DATA
=== Begin Enclosure ===

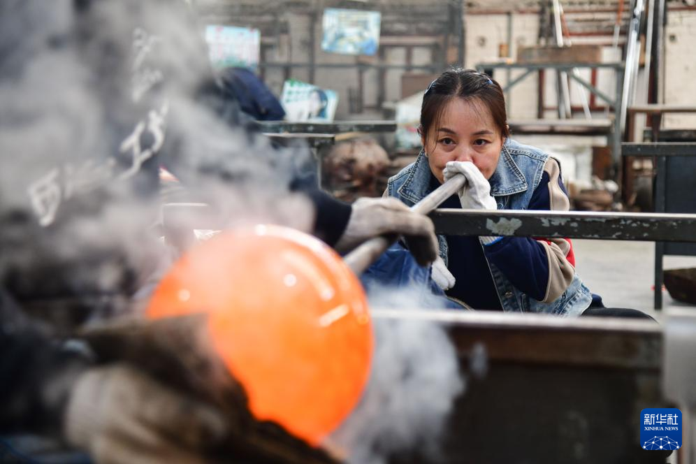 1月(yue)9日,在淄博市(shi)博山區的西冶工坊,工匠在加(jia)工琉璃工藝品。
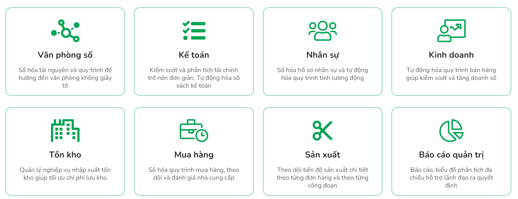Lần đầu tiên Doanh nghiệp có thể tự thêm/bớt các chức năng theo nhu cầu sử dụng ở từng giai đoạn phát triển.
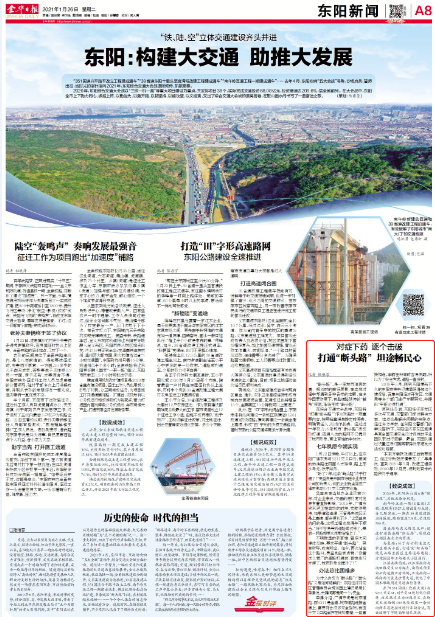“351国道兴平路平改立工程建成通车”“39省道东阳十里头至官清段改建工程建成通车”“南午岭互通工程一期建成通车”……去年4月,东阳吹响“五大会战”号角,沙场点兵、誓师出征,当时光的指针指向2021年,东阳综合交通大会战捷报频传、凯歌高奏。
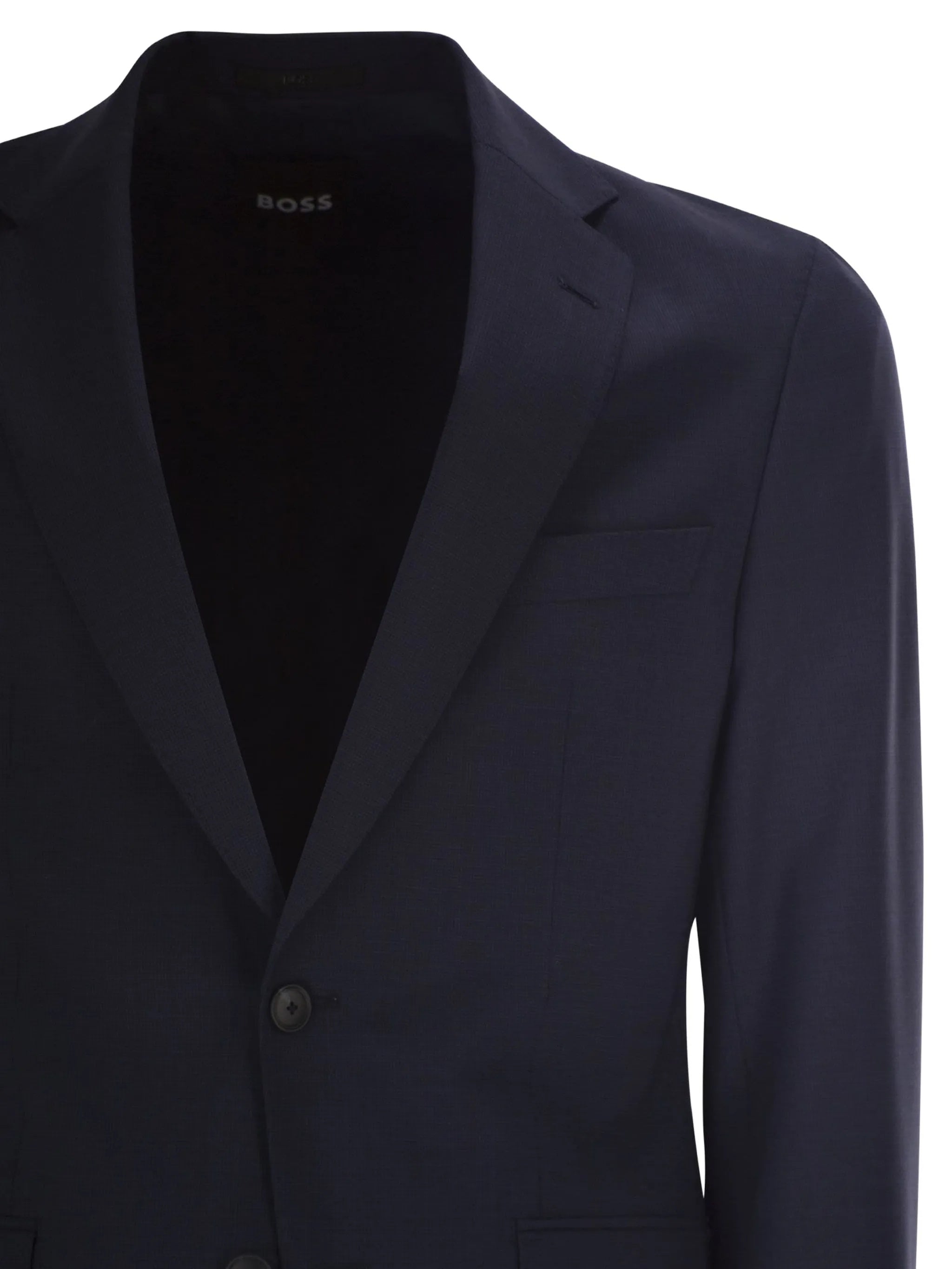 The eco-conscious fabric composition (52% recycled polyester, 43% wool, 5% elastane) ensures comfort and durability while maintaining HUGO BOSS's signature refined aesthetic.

=== End Enclosure ===

WHAT YOU HAVE TO DO
Please write out the lines from the one that holds "Lần đầu tiên" through the end of the material, both ends included, exactly and with no pictures.

WRITTEN ANSWER
Lần đầu tiên Doanh nghiệp có thể tự thêm/bớt các chức năng theo nhu cầu sử dụng ở từng giai đoạn phát triển.
“351国道兴平路平改立工程建成通车”“39省道东阳十里头至官清段改建工程建成通车”“南午岭互通工程一期建成通车”……去年4月,东阳吹响“五大会战”号角,沙场点兵、誓师出征,当时光的指针指向2021年,东阳综合交通大会战捷报频传、凯歌高奏。
 The eco-conscious fabric composition (52% recycled polyester, 43% wool, 5% elastane) ensures comfort and durability while maintaining HUGO BOSS's signature refined aesthetic.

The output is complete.